Sur le paiement des provisions :
[X] [D] indique dans ses conclusions qu’il «apparaît avoir remboursé à Mme [D] la somme de 3'800'000 fr au titre d’un prêt quel lui a consenti» : cette déclaration induit qu’il existe un doute sur la réalité de ce paiement qui, du reste, ne résulte pas des relevés de compte produit qui sont manifestement les mêmes que ceux que le tribunal a déjà rejetés comme non probants.
S’agissant du versement de 7 000 000 XPF, [U] [D] conteste fermement qu’il s’agisse d’une avance convenue sur les bénéfices futurs pouvant se dégager de la commercialisation du lotissement. En tout état de cause, le contrat de gestion qui fait la loi des parties, ne comporte aucune clause concernant un éventuel partage des bénéfices et stipule que la mandante supportera la charge des travaux de viabilité du lotissement.
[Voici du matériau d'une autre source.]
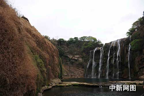 進入景區(qū),看見一小潭碧水緩流,走過兩座索橋,便見到了聞名遐邇的黃果樹瀑布,遠遠望去,十幾股細流從崖上留下,在懸壁裸露嶙峋的石間撞擊穿梭,形成小小的瀑面,卻全然擋不住崖壁的黑青色,與往日“萬里水匯一水大,訇訇聲聞十里外”的景色相去甚遠。而在瀑布左岸,一壁的昏黃枯草更顯得觸目驚心。

Il y a lieu de noter que [X] [D] n’explique pas l’intérêt de la vérification d’écriture du document intitulé 'plan prévisionnel et estimatif…' car quand bien même, ce document aurait une valeur contractuelle, il ne permettrait pas à lui seul de rattacher le versement de 7 000 000 XPF au partage des bénéfices prétendûment convenu par les parties, et ce d’autant qu'[U] [D] produit une capture d’écran d’un compte de la banque Socrédo faisant apparaître le virement de 7 000 000 XPF effectué le 29 mai 2018 comme ayant pour cause : 'avance acquisition terrain Pamatai’ confirmant que ces fonds n’ont rien rien à voir avec les travaux du lotissement.
L’appel est donc sans fondement.
Sur l’expertise ordonnée par le juge des référés :
Dans son pouvoir souverain d’appréciation, le premier juge a estimé que [U] [D] avait un intérêt légitime à faire établir dans le cadre d’un éventuel procès au fond, la responsabilité de [X] [D] dans l’exécution du mandat ; cette décision se justifie, compte tenu du mutisme de ce dernier pendant l’exécution du mandat et de sa résistance depuis la résiliation dudit mandat, à la demande de sa mandante de voir les pièces en rapport avec ce projet de construction d’un lotissement.
Sur les autres demandes :
[U] [D] ne caractérise pas l’abus de procédure qu’elle reproche à [X] [D] qui n’a fait qu’user de son droit légal de recours.
L’ordonnance querellée doit dès lors être confirmée et [X] [D] succombant doit être condamné aux dépens et au paiement des frais irrépétibles.
PAR CES MOTIFS,
La Cour, statuant contradictoirement et en dernier ressort ;
Vu l’appel de [X] [D],
Déboute l’appelant des causes de son appel,
Confirme en conséquence, l’ordonnance de référé entreprise en toutes ses dispositions,
Vu les articles 406 et 407 du code de procédure civile de Polynésie française,
Condamne l’appelant aux dépens et au paiement d’une indemnité de procédure de 200 000 XPF sur le fondement de l’article 407 du code de procédure civile de Polynésie française,
Rejette toute autre prétention.
Prononcé à Papeete, le 23 novembre 2023.